# How do you find the polar equation to the tangent, at theta = pi/12, on r = sin 3theta?

Jan 24, 2017

So, $r = \frac{1}{4 \cos \theta - 2 \sin \theta}$. In cartesian form, this is $4 x - 2 y - 1 = 0$

#### Explanation:

The given equation represents a three-petal rose.

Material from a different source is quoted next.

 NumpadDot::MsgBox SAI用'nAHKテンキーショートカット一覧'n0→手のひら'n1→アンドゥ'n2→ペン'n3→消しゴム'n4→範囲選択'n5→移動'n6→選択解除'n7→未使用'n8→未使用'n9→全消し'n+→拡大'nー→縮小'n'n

The equation to the tangent

at $P \left(f \left(\alpha\right) , \alpha\right)$, on $r = f \left(\theta\right)$ is

$r \left(\sin \theta - \tan \psi \cos \theta\right) = f \left(\alpha\right) \left(\sin \alpha - \tan \psi \cos \alpha\right)$,

where

$\tan \psi = m =$

$\left(\frac{\mathrm{dr}}{d \theta} \sin \alpha + r \cos \alpha\right)$$/ \left(\frac{\mathrm{dr}}{d \theta} \cos \theta - r \sin \theta\right)$ , at P.

Briefly,

$r \sin \left(\theta - \psi\right) = f \left(\alpha\right) \sin \left(\alpha - \psi\right)$

Here, $r = \sin 3 \theta \mathmr{and} \frac{\mathrm{dr}}{d \theta} = 3 \cos 3 \theta$.

P is$\left(\frac{1}{\sqrt{2}} , \frac{\pi}{12}\right)$,

m at P = $\frac{\frac{3}{2} + \frac{1}{2}}{\frac{3}{2} - \frac{1}{2}} = 2$.

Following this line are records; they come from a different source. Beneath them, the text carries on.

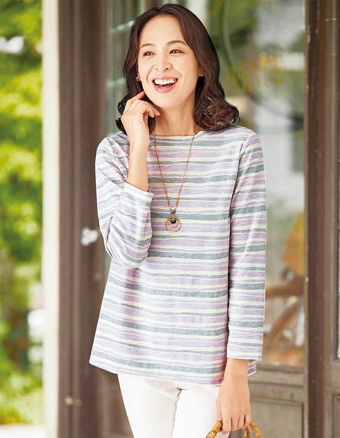 商品説明 | ・・春から夏までさらりと着られる綿混タックジャカードのボートネックプルオーバー ・特殊な紡績方法で彩りの良い杢調表現が特徴の「リバーエース」を使用して、色の重なりがきれいな表情豊かなタックジャカード ・一枚でも、インナーとしても活躍してくれるベーシックな7分袖のデザインで季節を越えて重宝するアイテム ・さらっとした綿混素材で着心地もやわらか |
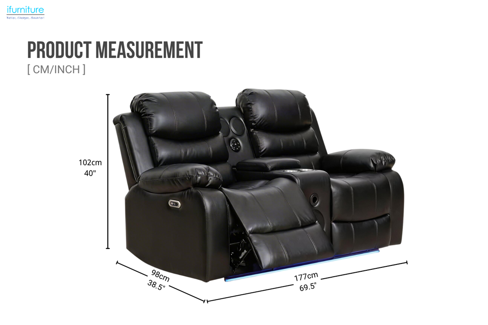 This 1-seater sofa features smooth electric reclining up to 150°, durable air leather upholstery, and a solid poplar wood frame for everyday comfort and support. Built-in USB charging and subtle blue LED base lighting add modern convenience and a relaxed home theatre feel, making it an ideal choice for personal lounging.
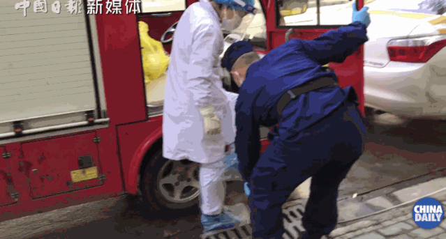 记者刚见到他时,他正开着消防车要去医院给医生和护士发放早餐。
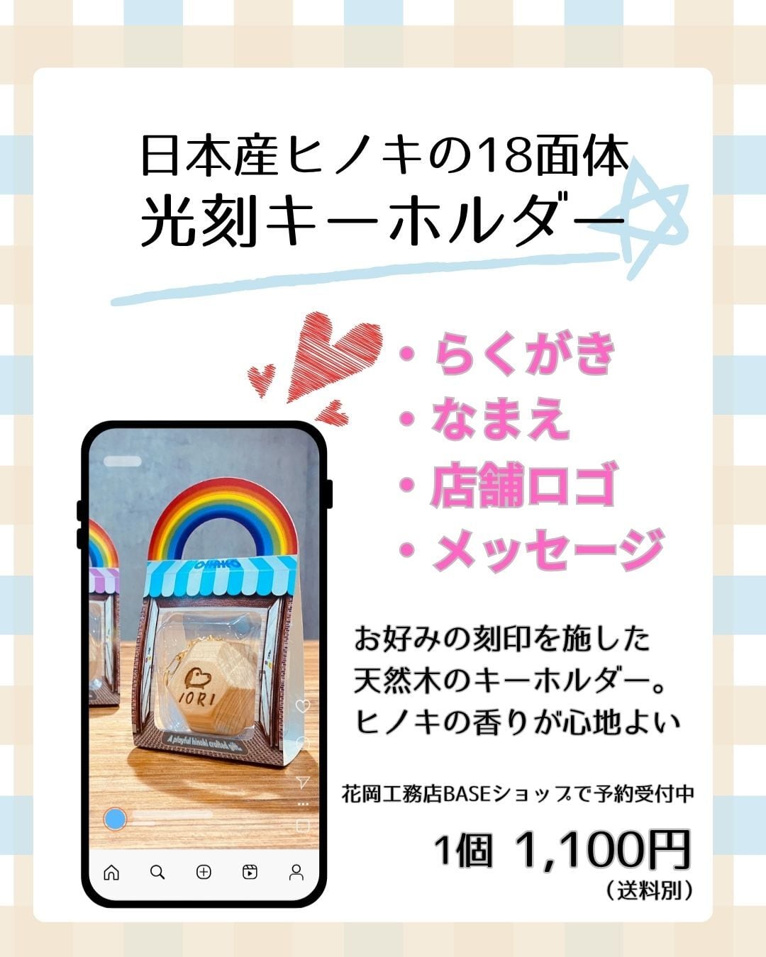 子どもが描いたイラストを、国産ヒノキの18面体キーホルダーの刻印♪

Now, the equation to the tangent at P is

$r \left(\sin \theta - 2 \cos \theta\right) = \frac{1}{\sqrt{2}} \left(\frac{1}{\sqrt{2}} - \frac{2}{\sqrt{2}}\right) = - \frac{1}{2}$

So, $r = 1 / \left(4 \cos \theta - 2 \sin \theta\right)$

In cartesian form, this is 4x-2y-1=0#